> Try it:
The task calls for each record to be given again unchanged, minus any pictures.

> Data to use:
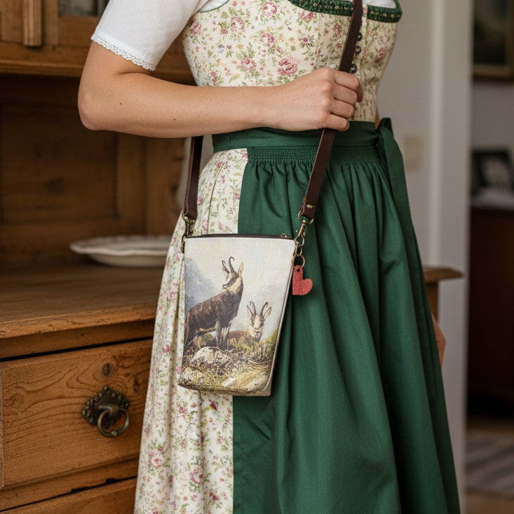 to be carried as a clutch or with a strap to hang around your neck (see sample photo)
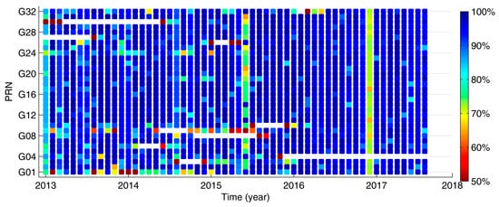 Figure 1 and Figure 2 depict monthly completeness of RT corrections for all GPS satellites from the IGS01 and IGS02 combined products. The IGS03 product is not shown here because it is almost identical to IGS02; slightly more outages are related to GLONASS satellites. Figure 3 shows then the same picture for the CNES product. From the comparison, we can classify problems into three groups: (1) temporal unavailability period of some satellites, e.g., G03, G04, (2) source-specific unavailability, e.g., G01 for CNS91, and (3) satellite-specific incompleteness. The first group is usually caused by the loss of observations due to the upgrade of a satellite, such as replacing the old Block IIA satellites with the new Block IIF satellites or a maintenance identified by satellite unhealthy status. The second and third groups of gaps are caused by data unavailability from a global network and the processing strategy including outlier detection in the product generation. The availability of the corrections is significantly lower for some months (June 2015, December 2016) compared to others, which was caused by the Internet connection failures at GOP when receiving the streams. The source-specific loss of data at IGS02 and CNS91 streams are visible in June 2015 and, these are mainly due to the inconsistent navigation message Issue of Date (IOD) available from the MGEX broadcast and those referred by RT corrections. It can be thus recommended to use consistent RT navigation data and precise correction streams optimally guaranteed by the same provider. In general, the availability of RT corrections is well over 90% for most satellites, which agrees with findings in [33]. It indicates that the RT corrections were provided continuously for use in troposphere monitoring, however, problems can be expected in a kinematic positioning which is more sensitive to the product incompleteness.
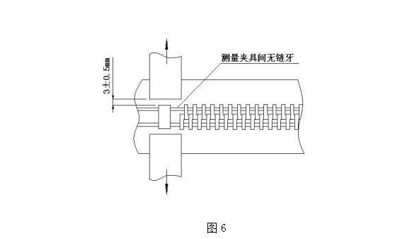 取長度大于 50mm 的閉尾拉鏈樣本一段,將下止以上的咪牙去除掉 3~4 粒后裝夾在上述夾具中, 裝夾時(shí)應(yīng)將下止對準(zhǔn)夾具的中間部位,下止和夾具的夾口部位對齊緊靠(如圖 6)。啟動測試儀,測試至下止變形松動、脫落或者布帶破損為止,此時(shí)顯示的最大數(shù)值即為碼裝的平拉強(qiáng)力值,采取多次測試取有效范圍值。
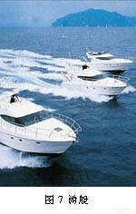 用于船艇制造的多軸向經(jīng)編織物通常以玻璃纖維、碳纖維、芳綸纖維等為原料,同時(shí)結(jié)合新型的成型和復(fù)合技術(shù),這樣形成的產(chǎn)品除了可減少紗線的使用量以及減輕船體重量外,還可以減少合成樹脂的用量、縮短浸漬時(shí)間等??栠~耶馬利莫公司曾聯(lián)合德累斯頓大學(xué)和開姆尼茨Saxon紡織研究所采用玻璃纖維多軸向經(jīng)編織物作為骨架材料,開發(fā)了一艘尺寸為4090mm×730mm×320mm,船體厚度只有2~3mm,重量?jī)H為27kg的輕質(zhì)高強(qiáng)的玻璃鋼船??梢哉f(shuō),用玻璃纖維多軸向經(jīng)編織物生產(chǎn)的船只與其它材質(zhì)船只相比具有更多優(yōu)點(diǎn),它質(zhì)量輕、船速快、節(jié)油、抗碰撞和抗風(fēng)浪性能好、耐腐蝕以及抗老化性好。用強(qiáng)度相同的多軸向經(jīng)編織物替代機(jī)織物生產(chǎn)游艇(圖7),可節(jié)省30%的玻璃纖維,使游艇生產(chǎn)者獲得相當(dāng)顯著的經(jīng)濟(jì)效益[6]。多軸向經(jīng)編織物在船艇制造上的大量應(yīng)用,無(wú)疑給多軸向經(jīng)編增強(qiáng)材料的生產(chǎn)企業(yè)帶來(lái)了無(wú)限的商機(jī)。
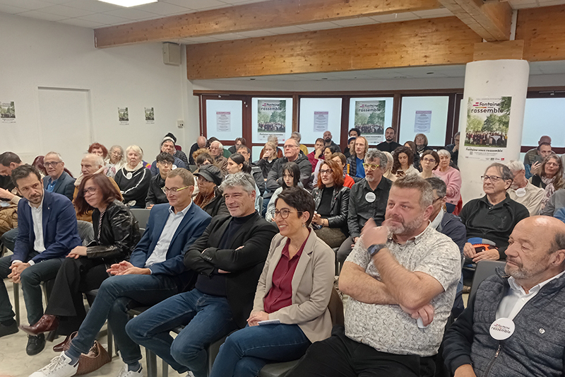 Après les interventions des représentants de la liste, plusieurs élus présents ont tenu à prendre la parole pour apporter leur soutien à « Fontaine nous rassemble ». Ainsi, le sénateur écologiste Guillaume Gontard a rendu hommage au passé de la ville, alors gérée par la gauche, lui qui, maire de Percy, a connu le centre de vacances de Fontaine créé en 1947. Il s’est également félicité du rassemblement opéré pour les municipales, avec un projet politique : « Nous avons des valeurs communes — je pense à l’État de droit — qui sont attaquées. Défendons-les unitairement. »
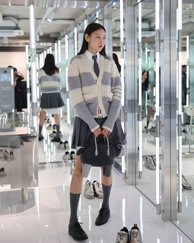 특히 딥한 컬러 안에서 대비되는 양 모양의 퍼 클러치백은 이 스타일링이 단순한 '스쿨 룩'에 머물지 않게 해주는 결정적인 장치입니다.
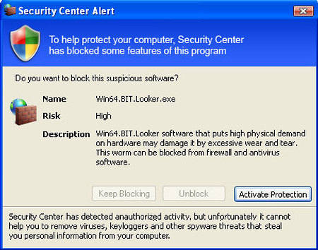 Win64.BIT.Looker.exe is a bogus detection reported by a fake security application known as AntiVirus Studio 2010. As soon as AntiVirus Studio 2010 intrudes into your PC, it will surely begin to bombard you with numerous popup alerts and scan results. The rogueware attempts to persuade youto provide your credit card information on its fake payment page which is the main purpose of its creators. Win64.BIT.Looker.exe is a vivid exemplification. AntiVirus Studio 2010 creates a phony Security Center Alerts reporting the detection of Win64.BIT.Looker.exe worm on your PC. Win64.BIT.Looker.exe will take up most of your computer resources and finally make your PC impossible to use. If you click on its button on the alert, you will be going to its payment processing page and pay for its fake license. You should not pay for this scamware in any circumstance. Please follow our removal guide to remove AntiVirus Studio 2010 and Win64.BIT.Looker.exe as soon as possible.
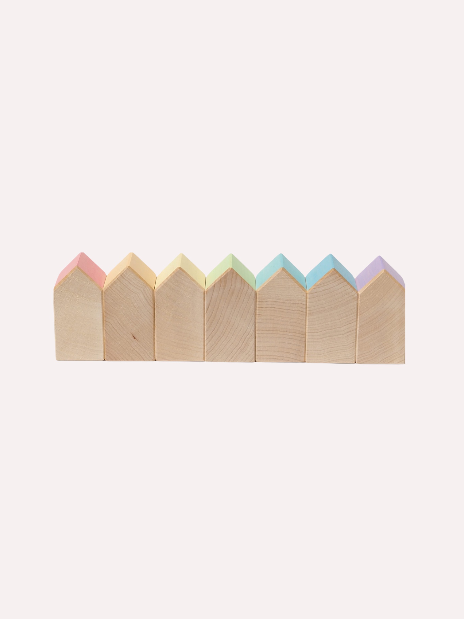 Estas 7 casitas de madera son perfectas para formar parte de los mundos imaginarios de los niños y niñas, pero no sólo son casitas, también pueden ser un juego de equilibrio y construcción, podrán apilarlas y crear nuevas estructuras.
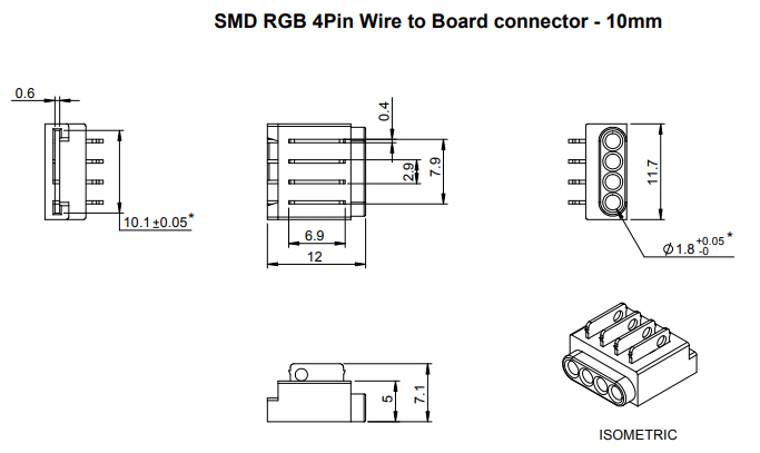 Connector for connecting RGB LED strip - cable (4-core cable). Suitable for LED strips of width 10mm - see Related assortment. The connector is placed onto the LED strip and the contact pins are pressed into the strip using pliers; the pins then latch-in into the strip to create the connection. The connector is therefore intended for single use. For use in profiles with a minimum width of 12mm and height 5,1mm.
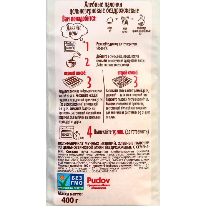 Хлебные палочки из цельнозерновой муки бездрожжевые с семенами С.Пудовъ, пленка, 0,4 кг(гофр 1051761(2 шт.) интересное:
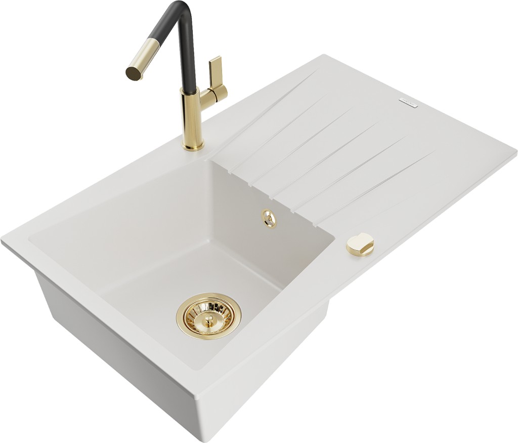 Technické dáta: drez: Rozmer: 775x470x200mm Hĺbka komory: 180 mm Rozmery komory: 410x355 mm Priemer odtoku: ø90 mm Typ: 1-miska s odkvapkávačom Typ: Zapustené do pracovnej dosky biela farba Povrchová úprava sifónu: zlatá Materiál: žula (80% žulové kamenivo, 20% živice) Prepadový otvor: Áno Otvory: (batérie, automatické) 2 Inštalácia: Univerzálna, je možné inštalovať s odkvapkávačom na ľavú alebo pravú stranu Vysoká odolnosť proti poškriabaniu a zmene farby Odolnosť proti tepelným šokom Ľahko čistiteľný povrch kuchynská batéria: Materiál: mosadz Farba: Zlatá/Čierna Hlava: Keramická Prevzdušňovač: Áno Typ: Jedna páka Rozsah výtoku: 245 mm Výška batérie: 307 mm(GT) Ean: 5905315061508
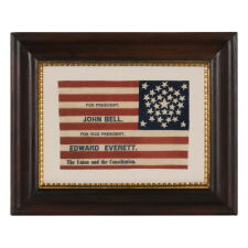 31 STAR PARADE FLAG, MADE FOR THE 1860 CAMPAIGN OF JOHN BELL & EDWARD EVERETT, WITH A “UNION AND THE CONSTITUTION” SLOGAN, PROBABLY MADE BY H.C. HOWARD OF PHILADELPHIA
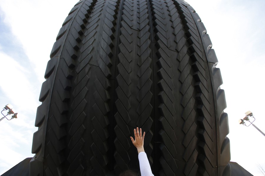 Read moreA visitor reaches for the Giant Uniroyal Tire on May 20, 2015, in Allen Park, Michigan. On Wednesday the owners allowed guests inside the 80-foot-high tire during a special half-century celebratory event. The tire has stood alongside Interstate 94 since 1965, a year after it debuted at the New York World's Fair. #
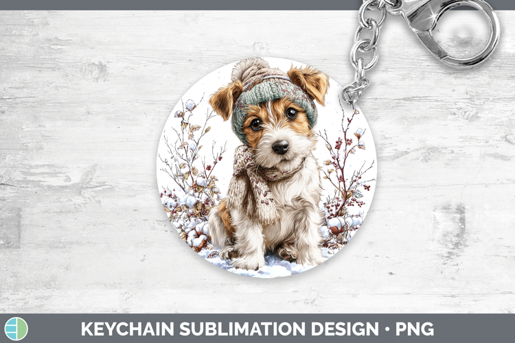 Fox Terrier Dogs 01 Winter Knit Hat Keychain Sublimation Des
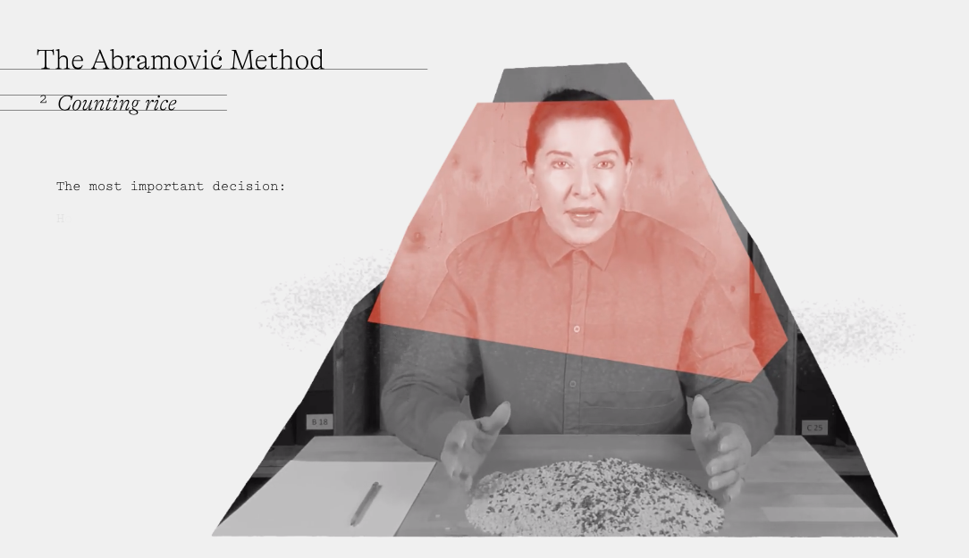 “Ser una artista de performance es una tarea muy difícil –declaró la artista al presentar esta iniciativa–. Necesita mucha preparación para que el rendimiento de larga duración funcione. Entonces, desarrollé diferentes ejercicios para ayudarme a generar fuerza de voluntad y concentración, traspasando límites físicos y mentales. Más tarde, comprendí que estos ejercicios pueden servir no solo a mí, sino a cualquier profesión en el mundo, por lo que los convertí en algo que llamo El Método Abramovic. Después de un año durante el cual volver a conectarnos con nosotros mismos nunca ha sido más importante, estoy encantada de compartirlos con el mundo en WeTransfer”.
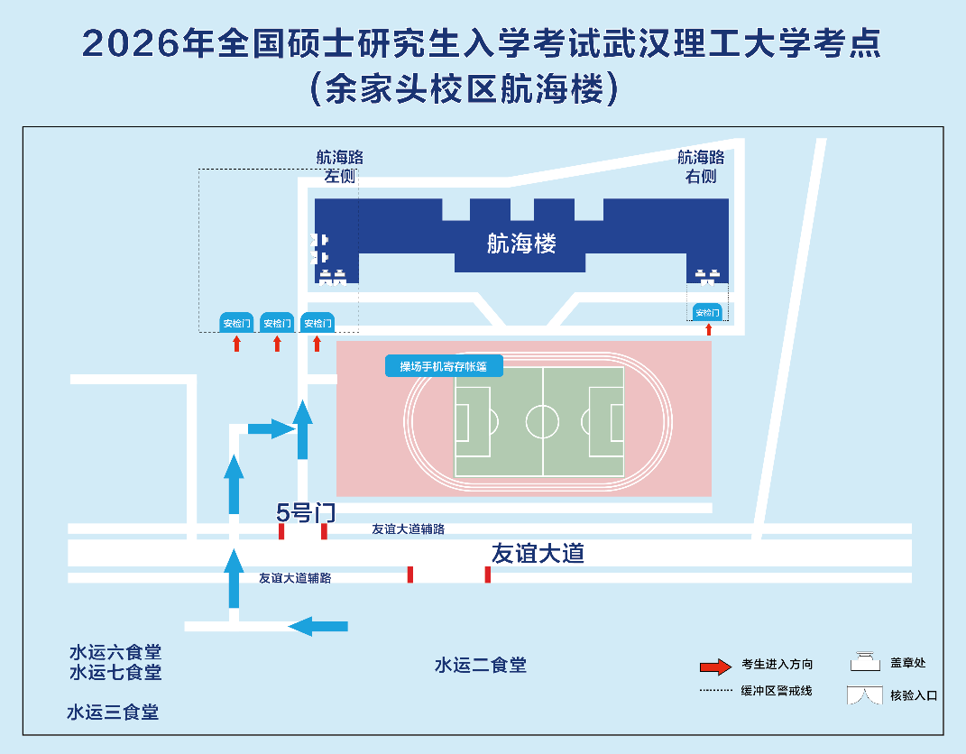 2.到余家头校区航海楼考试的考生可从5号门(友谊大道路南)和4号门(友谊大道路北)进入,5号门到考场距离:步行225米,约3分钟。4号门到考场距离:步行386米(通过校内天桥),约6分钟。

> Written solution:
 to be carried as a clutch or with a strap to hang around your neck (see sample photo)
 Figure 1 and Figure 2 depict monthly completeness of RT corrections for all GPS satellites from the IGS01 and IGS02 combined products. The IGS03 product is not shown here because it is almost identical to IGS02; slightly more outages are related to GLONASS satellites. Figure 3 shows then the same picture for the CNES product. From the comparison, we can classify problems into three groups: (1) temporal unavailability period of some satellites, e.g., G03, G04, (2) source-specific unavailability, e.g., G01 for CNS91, and (3) satellite-specific incompleteness. The first group is usually caused by the loss of observations due to the upgrade of a satellite, such as replacing the old Block IIA satellites with the new Block IIF satellites or a maintenance identified by satellite unhealthy status. The second and third groups of gaps are caused by data unavailability from a global network and the processing strategy including outlier detection in the product generation. The availability of the corrections is significantly lower for some months (June 2015, December 2016) compared to others, which was caused by the Internet connection failures at GOP when receiving the streams. The source-specific loss of data at IGS02 and CNS91 streams are visible in June 2015 and, these are mainly due to the inconsistent navigation message Issue of Date (IOD) available from the MGEX broadcast and those referred by RT corrections. It can be thus recommended to use consistent RT navigation data and precise correction streams optimally guaranteed by the same provider. In general, the availability of RT corrections is well over 90% for most satellites, which agrees with findings in [33]. It indicates that the RT corrections were provided continuously for use in troposphere monitoring, however, problems can be expected in a kinematic positioning which is more sensitive to the product incompleteness.
 取長度大于 50mm 的閉尾拉鏈樣本一段,將下止以上的咪牙去除掉 3~4 粒后裝夾在上述夾具中, 裝夾時(shí)應(yīng)將下止對準(zhǔn)夾具的中間部位,下止和夾具的夾口部位對齊緊靠(如圖 6)。啟動測試儀,測試至下止變形松動、脫落或者布帶破損為止,此時(shí)顯示的最大數(shù)值即為碼裝的平拉強(qiáng)力值,采取多次測試取有效范圍值。
 用于船艇制造的多軸向經(jīng)編織物通常以玻璃纖維、碳纖維、芳綸纖維等為原料,同時(shí)結(jié)合新型的成型和復(fù)合技術(shù),這樣形成的產(chǎn)品除了可減少紗線的使用量以及減輕船體重量外,還可以減少合成樹脂的用量、縮短浸漬時(shí)間等??栠~耶馬利莫公司曾聯(lián)合德累斯頓大學(xué)和開姆尼茨Saxon紡織研究所采用玻璃纖維多軸向經(jīng)編織物作為骨架材料,開發(fā)了一艘尺寸為4090mm×730mm×320mm,船體厚度只有2~3mm,重量?jī)H為27kg的輕質(zhì)高強(qiáng)的玻璃鋼船??梢哉f(shuō),用玻璃纖維多軸向經(jīng)編織物生產(chǎn)的船只與其它材質(zhì)船只相比具有更多優(yōu)點(diǎn),它質(zhì)量輕、船速快、節(jié)油、抗碰撞和抗風(fēng)浪性能好、耐腐蝕以及抗老化性好。用強(qiáng)度相同的多軸向經(jīng)編織物替代機(jī)織物生產(chǎn)游艇(圖7),可節(jié)省30%的玻璃纖維,使游艇生產(chǎn)者獲得相當(dāng)顯著的經(jīng)濟(jì)效益[6]。多軸向經(jīng)編織物在船艇制造上的大量應(yīng)用,無(wú)疑給多軸向經(jīng)編增強(qiáng)材料的生產(chǎn)企業(yè)帶來(lái)了無(wú)限的商機(jī)。
 Après les interventions des représentants de la liste, plusieurs élus présents ont tenu à prendre la parole pour apporter leur soutien à « Fontaine nous rassemble ». Ainsi, le sénateur écologiste Guillaume Gontard a rendu hommage au passé de la ville, alors gérée par la gauche, lui qui, maire de Percy, a connu le centre de vacances de Fontaine créé en 1947. Il s’est également félicité du rassemblement opéré pour les municipales, avec un projet politique : « Nous avons des valeurs communes — je pense à l’État de droit — qui sont attaquées. Défendons-les unitairement. »
 특히 딥한 컬러 안에서 대비되는 양 모양의 퍼 클러치백은 이 스타일링이 단순한 '스쿨 룩'에 머물지 않게 해주는 결정적인 장치입니다.
 Win64.BIT.Looker.exe is a bogus detection reported by a fake security application known as AntiVirus Studio 2010. As soon as AntiVirus Studio 2010 intrudes into your PC, it will surely begin to bombard you with numerous popup alerts and scan results. The rogueware attempts to persuade youto provide your credit card information on its fake payment page which is the main purpose of its creators. Win64.BIT.Looker.exe is a vivid exemplification. AntiVirus Studio 2010 creates a phony Security Center Alerts reporting the detection of Win64.BIT.Looker.exe worm on your PC. Win64.BIT.Looker.exe will take up most of your computer resources and finally make your PC impossible to use. If you click on its button on the alert, you will be going to its payment processing page and pay for its fake license. You should not pay for this scamware in any circumstance. Please follow our removal guide to remove AntiVirus Studio 2010 and Win64.BIT.Looker.exe as soon as possible.
 Estas 7 casitas de madera son perfectas para formar parte de los mundos imaginarios de los niños y niñas, pero no sólo son casitas, también pueden ser un juego de equilibrio y construcción, podrán apilarlas y crear nuevas estructuras.
 Connector for connecting RGB LED strip - cable (4-core cable). Suitable for LED strips of width 10mm - see Related assortment. The connector is placed onto the LED strip and the contact pins are pressed into the strip using pliers; the pins then latch-in into the strip to create the connection. The connector is therefore intended for single use. For use in profiles with a minimum width of 12mm and height 5,1mm.
 Хлебные палочки из цельнозерновой муки бездрожжевые с семенами С.Пудовъ, пленка, 0,4 кг(гофр 1051761(2 шт.) интересное:
 Technické dáta: drez: Rozmer: 775x470x200mm Hĺbka komory: 180 mm Rozmery komory: 410x355 mm Priemer odtoku: ø90 mm Typ: 1-miska s odkvapkávačom Typ: Zapustené do pracovnej dosky biela farba Povrchová úprava sifónu: zlatá Materiál: žula (80% žulové kamenivo, 20% živice) Prepadový otvor: Áno Otvory: (batérie, automatické) 2 Inštalácia: Univerzálna, je možné inštalovať s odkvapkávačom na ľavú alebo pravú stranu Vysoká odolnosť proti poškriabaniu a zmene farby Odolnosť proti tepelným šokom Ľahko čistiteľný povrch kuchynská batéria: Materiál: mosadz Farba: Zlatá/Čierna Hlava: Keramická Prevzdušňovač: Áno Typ: Jedna páka Rozsah výtoku: 245 mm Výška batérie: 307 mm(GT) Ean: 5905315061508
 31 STAR PARADE FLAG, MADE FOR THE 1860 CAMPAIGN OF JOHN BELL & EDWARD EVERETT, WITH A “UNION AND THE CONSTITUTION” SLOGAN, PROBABLY MADE BY H.C. HOWARD OF PHILADELPHIA
 Read moreA visitor reaches for the Giant Uniroyal Tire on May 20, 2015, in Allen Park, Michigan. On Wednesday the owners allowed guests inside the 80-foot-high tire during a special half-century celebratory event. The tire has stood alongside Interstate 94 since 1965, a year after it debuted at the New York World's Fair. #
 Fox Terrier Dogs 01 Winter Knit Hat Keychain Sublimation Des
 “Ser una artista de performance es una tarea muy difícil –declaró la artista al presentar esta iniciativa–. Necesita mucha preparación para que el rendimiento de larga duración funcione. Entonces, desarrollé diferentes ejercicios para ayudarme a generar fuerza de voluntad y concentración, traspasando límites físicos y mentales. Más tarde, comprendí que estos ejercicios pueden servir no solo a mí, sino a cualquier profesión en el mundo, por lo que los convertí en algo que llamo El Método Abramovic. Después de un año durante el cual volver a conectarnos con nosotros mismos nunca ha sido más importante, estoy encantada de compartirlos con el mundo en WeTransfer”.
 2.到余家头校区航海楼考试的考生可从5号门(友谊大道路南)和4号门(友谊大道路北)进入,5号门到考场距离:步行225米,约3分钟。4号门到考场距离:步行386米(通过校内天桥),约6分钟。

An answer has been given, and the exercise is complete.